Wednesday, 23 December 2009

Morris A Life With Bells On: Movie Review

Morris A Life With Bells On
Rating: 6/10
Cast: Chas Oldham, Derek Jacobi, Ian Hart, Dominique Pinon
Director: Lucy Akhurst
Morris dancing - it doesn't sound like your average choice for a film.
However, this spoof doco about the perils faced by the world of Morris could change that.
Set in rural England, a documentary team follows the life of Derecq Twist.
Actor Chas Oldham is Twist, a young morris dancer whose moves have set the world of the dance alight and whose thoughts of modernization are causing ripples within the governing body who oversee all things bells and sticks.
However, Twist is expelled from his local group and cast asunder from the UK world of Morris dancing by the powers that be.
So Twist heads abroad to follow his fame and worldwide reputation and its there that he starts to realize that while you can take the man out of morris dancing, you cant take the morris dancing out of the man.

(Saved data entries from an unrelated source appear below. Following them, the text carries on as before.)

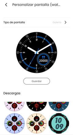 - Galeria: São ecrãs adicionais, descarregáveis da nossa galeria. Os disponíveis aparecem no quadro inferior; clique no que deseja e, em seguida, selecione “Guardar”. Um processo de download será iniciado, indicado por uma mensagem no relógio; deve aguardar até que termine.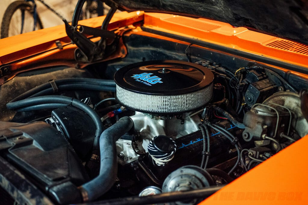 The only modifications done to Curt’s engine is the addition of a custom painted carburetor hat (with Hill’s Rod and Custom) with an aluminum intake manifold under that and a set of custom painted valve covers. The only other modification was the addition of a set of trac bars under the leaf springs to help alleviate wheel hop. Other than that, it’s pretty much as he found it. The reason it looks as good as it does is due to it being in storage since 1988. He purchased the car and, other than the carb hat and valve covers, put on a new set of Milestar Streetsteel tires sized in P235/60R15. While these are P-metric sized tires, they are the closest to match the classic look and style of the of the 15×7 Z/28 Rally style wheels while offering modern radial tire construction.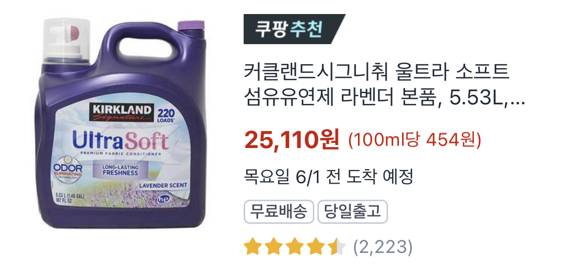 아래제품도 후레쉬라는 제품인데 다음엔 매장에서 향을 맡아봐야겠다.코스트코 커클랜드 시그니쳐 섬유 유연제(후레쉬) 5.53L 220회분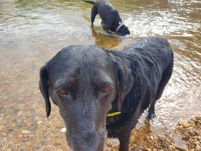 Auf den Bildern zeigte sie einen Labrador-Mix Phänotyp und dieser kommt definitiv raus, wenn Wasser in der Nähe ist. Dann rennt Maya ins Bachbett oder in den See, beißt in das Wasser und tanzt. Mich freut das Verhalten sehr. Denn dann sehe ich ihre verspielte Seite, die ganz selten rauskommt. Sie hält nichts von Kuschel/Kautieren und auch andere Hunde werden bis auf ganz wenige Ausnahmen nicht bespielt. Maya hat auch keinen Interesse Dinge in ihrem Maul herumzutragen. Jedoch habe ich sie zwei Mal erwischt als sie einmal einen kleinen Karton und einmal ein von mir getragenes Tuch zerpflückt hat. Offenbar mag sie meinen Körpergeruch, denn sie legt sich sehr gerne in den Wäschekorb mit der Dreckwäsche. Das macht sie ganz zufrieden. Mit einem Futterball konnte ich Maya etwas zum Spielen bringen. Seit ein paar Wochen benutzt sie jetzt ihre Pfote, um meine Aufmerksamkeit zu erregen. Es ist so schön zu sehen, dass Sie keine Angst vor mir hat und weiter auftaut.
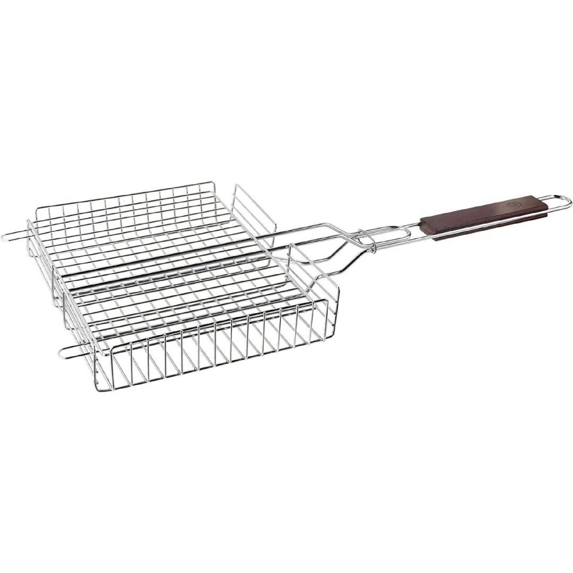 Donde sea que este asando todo será mas simple versátil herramienta para asar. Simplemente cargue la canasta de la parrilla con carne, pescado, pollo, verduras... ¡las opciones son infinitas! La canasta se voltea fácilmente para lograr un dorado perfecto en todos los lados y la larga longitud mantiene sus manos alejadas del calor intenso. Construida con acero cromado de gran calibre, la canasta cuenta con un asa fina de palisandro sólido que conduce el calor lentamente para minimizar las quemaduras. Cuando no está usando esta herramienta imprescindible para la parrilla, se traba para un almacenamiento seguro y fácil.

This mockumentary is quite a gentle film - if you're blessed with a knowledge of rural parts of England and their quaint ways (thatched cottage roofs and slightly accented speaking) it may well appeal to you a little more than the average viewer.

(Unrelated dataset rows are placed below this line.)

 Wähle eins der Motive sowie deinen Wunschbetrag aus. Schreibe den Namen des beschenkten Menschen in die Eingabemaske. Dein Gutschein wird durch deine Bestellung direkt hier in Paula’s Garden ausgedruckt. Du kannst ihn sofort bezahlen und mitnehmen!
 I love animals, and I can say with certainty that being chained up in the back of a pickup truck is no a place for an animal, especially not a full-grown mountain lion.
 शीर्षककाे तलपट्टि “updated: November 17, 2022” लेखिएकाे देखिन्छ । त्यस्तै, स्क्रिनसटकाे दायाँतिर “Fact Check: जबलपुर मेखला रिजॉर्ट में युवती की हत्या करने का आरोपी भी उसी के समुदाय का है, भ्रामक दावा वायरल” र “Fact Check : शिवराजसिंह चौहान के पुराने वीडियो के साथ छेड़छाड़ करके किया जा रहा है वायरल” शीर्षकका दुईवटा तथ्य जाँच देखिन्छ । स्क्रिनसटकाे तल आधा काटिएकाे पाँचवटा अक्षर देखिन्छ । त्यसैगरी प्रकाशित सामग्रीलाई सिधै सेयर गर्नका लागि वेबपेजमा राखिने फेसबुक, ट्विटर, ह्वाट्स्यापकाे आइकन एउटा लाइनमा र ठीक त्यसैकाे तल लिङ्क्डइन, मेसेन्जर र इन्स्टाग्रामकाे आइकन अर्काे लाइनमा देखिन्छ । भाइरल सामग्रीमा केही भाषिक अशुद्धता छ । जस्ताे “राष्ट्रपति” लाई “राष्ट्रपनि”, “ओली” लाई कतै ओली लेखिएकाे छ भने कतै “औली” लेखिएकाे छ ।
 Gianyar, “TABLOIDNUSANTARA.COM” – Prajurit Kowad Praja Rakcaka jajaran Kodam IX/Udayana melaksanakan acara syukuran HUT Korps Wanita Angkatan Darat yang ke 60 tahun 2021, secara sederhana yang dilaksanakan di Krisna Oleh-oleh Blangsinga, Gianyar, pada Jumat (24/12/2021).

There's a casual charm to the central cast; Twist's wrapped up in his morris ways but he has a disarming attitude which hooks you in from the start. Derek Jacobi as Quentin Neely, the head of the morris dancing organisation, is full of the pompous self importance and priggery you often find on jumped up committees worldwide. And as for the cameo by Pinon (Delicatessen) as the French sailor who washed up on the shores and discovered the joys of the Lord of the dance, well, quelle amusement there.
The humour is sly and wry there is a lot of casual throwaway comments which will catch you out if you're not paying attention. A lot of the dialogue is very similar in places to Spinal Tap at one point, one character says they are all about the 3 Ps - passion, practice and the desire to be best. It's that kind of subtle humour which reels you in without realizing.
There is actually plenty of serious Morris Dancing (aside from the American Backstreet boys style number) which shows the cast, while slyly mocking the subject, clearly has a lot of admiration for how it's done.

Morris A Life With Bells On is an antidote to the bigger Christmas blockbuster fare - it's got rural rustic charm all over it and will leave you with a wry grin through out.